Em reunião com as organizações da Campanha Despejo Zero, representantes dos escritórios da agência ONU-Habitat e do Alto Comissariado da ONU para os Direitos Humanos situados no Brasil se mostraram atentos à situação. A própria Alta Comissária da ONU para os Direitos Humanos, Michelle Bachelet, mencionou expressamente a onda de remoções violenta que vem acontecendo no país em seu recente pronunciamento na 45ª Sessão do Conselho de Direitos Humanos da ONU.
Infelizmente, mesmo diante de todas essas manifestações, o governo brasileirocontinua omisso em relação ao tema. São abundantes os alertas e pedidos de atuação emitidos por autoridades internacionais, havendo ainda orientações concretas fornecidas pela Relatoria Especial da ONU para o Direito à Moradia Adequada e também pela ONU-Habitat. Há até mesmo um Projeto de Lei em tramitação no Congresso Nacional (PL 1975/2020) que propõe a suspensão do cumprimento de toda e qualquer medida judicial, extrajudicial ou administrativa que resulte em despejos, desocupações ou remoções forçadas, durante o estado de calamidade pública reconhecido em razão da Covid-19.
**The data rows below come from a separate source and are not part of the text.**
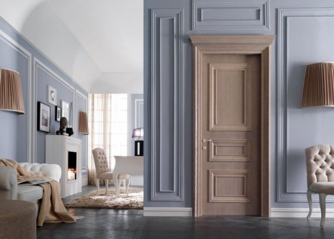 Important! Sans encadrement, la porte se perd dans le fond du mur. Les plateaux attirent l'attention sur lui avec une finition contrastée, ou, au contraire, l'intègrent dans un style unique.
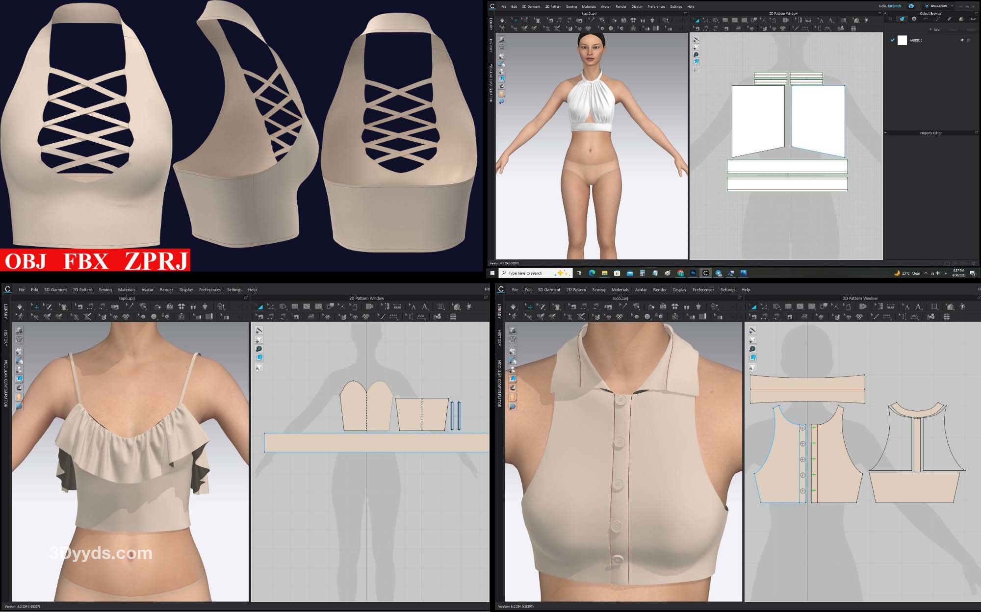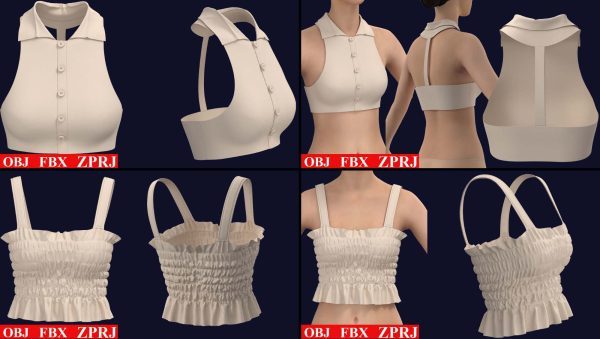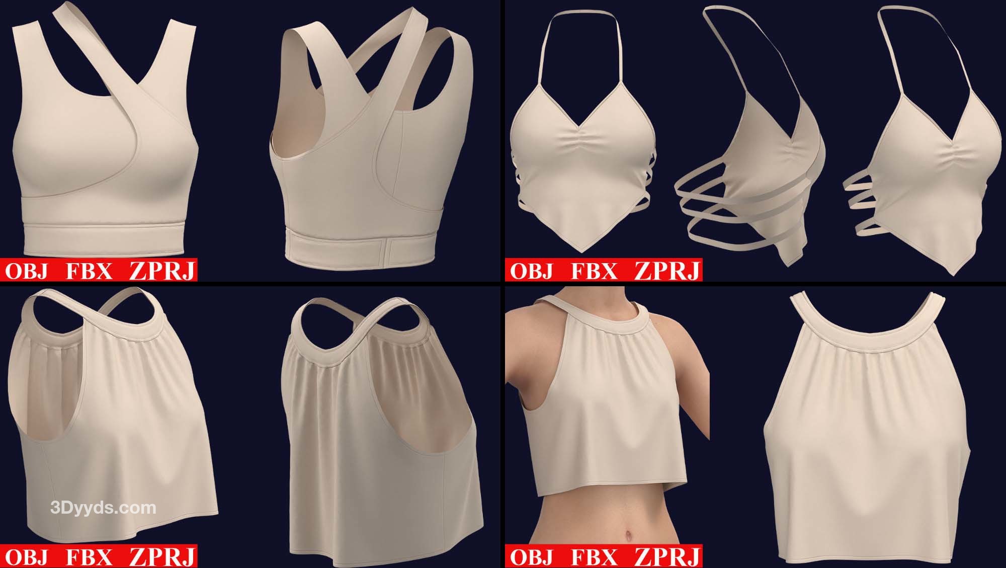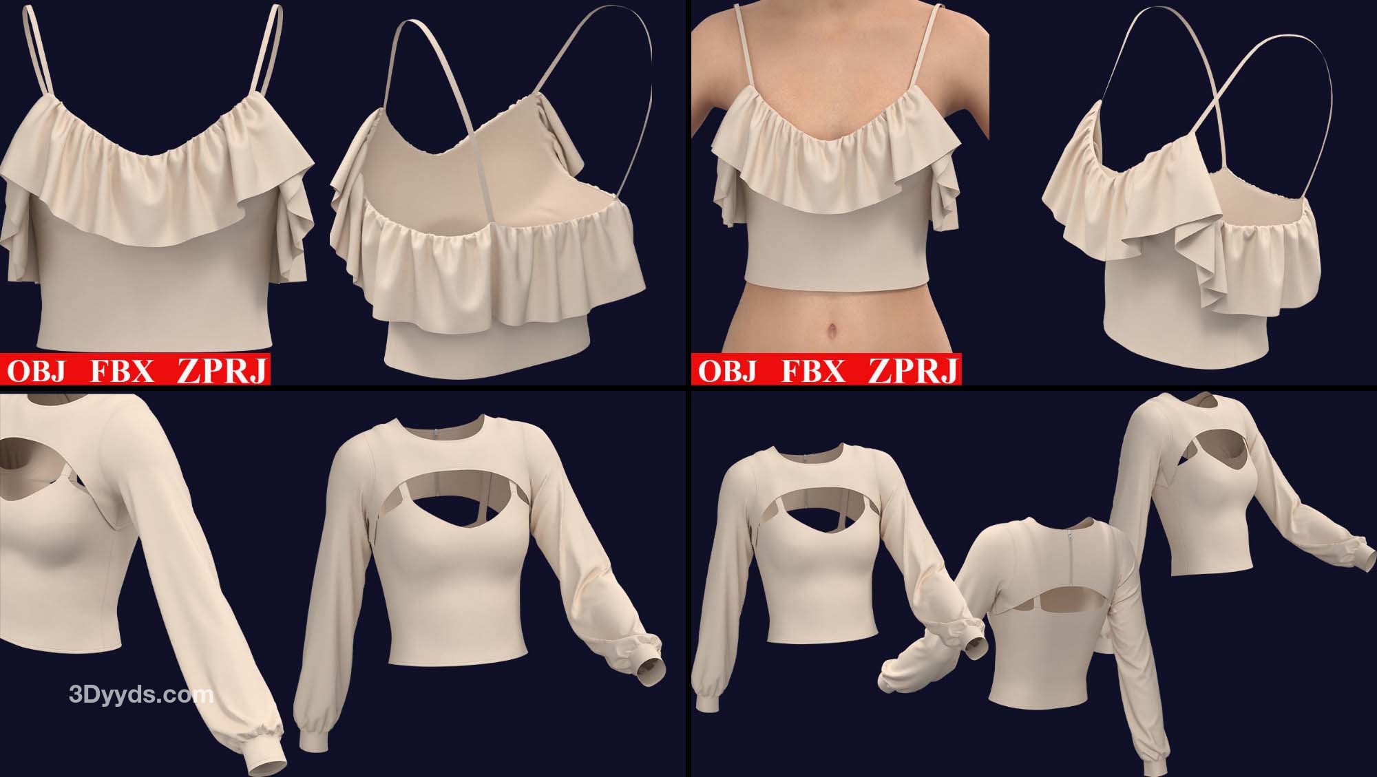在这个包中,我们准备了 10 款基本型号的女士露脐上衣(在 clo3d 版本 6.2.234 中设计):
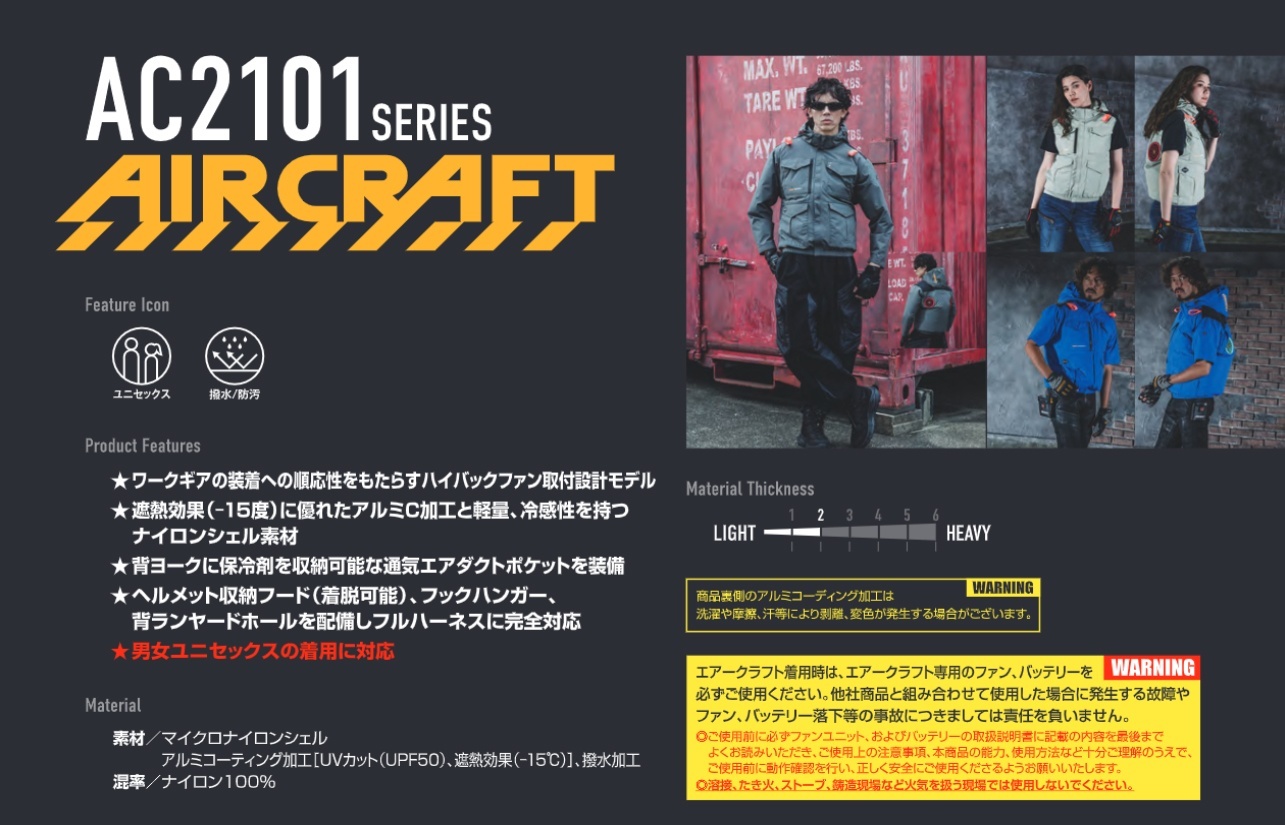 AIRCRAFT着用時はAIRCRAFT専用ファン・バッテリーを必ずご使用ください。他社製品と組み合わせて使用した場合に発生する故障やファン落下等の事故につきましては責任を負いません。その際は初期不良であってもサポート対象外とさせていただきます。
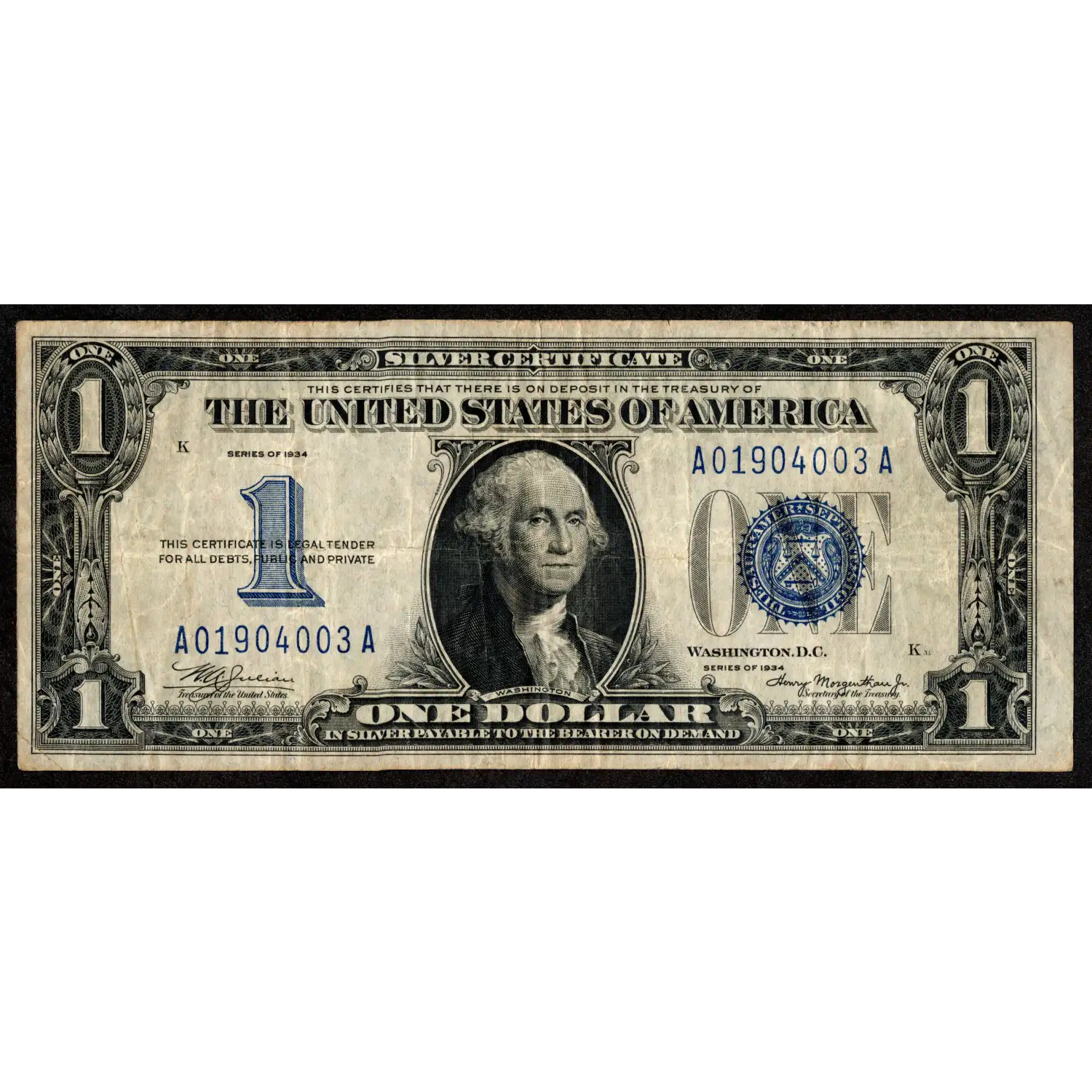 A classic and highly collected early small-size type, this 1934 $1 Silver Certificate (Fr. 1606) features the striking big blue “ONE” printed to the left of Washington’s portrait—an eye-catching design element used for only one year before the series was redesigned.

O governo brasileiro dispõe, portanto, de todos os meios possíveis para realizar essa suspensão em nível nacional, sendo a adoção imediata desta medida uma questão humanitária e de saúde pública. Estamos falando da vida de 20.000 brasileiros e brasileiras já removidos, mas também falamos de prevenir que outras centenas de milhares de pessoas que hoje se encontram ameaçadas de remoção possam estar protegidas, no mínimo, durante o período de pandemia. Nunca ficou tão evidente quanto neste momento de crise sanitária o que organizações e movimentos da sociedade civil vêm dizendo há anos: o direito à moradia é expressão material do direito à vida. Não é aceitável a omissão do governo brasileiro em relação aos despejos e remoções. Ao deixar desamparadas famílias ameaçadas de despejo, o Brasil pode condená-las à morte.
Rodrigo Faria G. Iacovini é advogado, doutor em planejamento urbano e regional pela USP, coordenador da Escola da Cidadania do Instituto Pólis e assessor da Global Platform for the Right to the City. Foi coordenador executivo do Instituto Brasileiro de Direito Urbanístico e trabalhou na Relatoria Especial da ONU para o Direito à Moradia Adequada.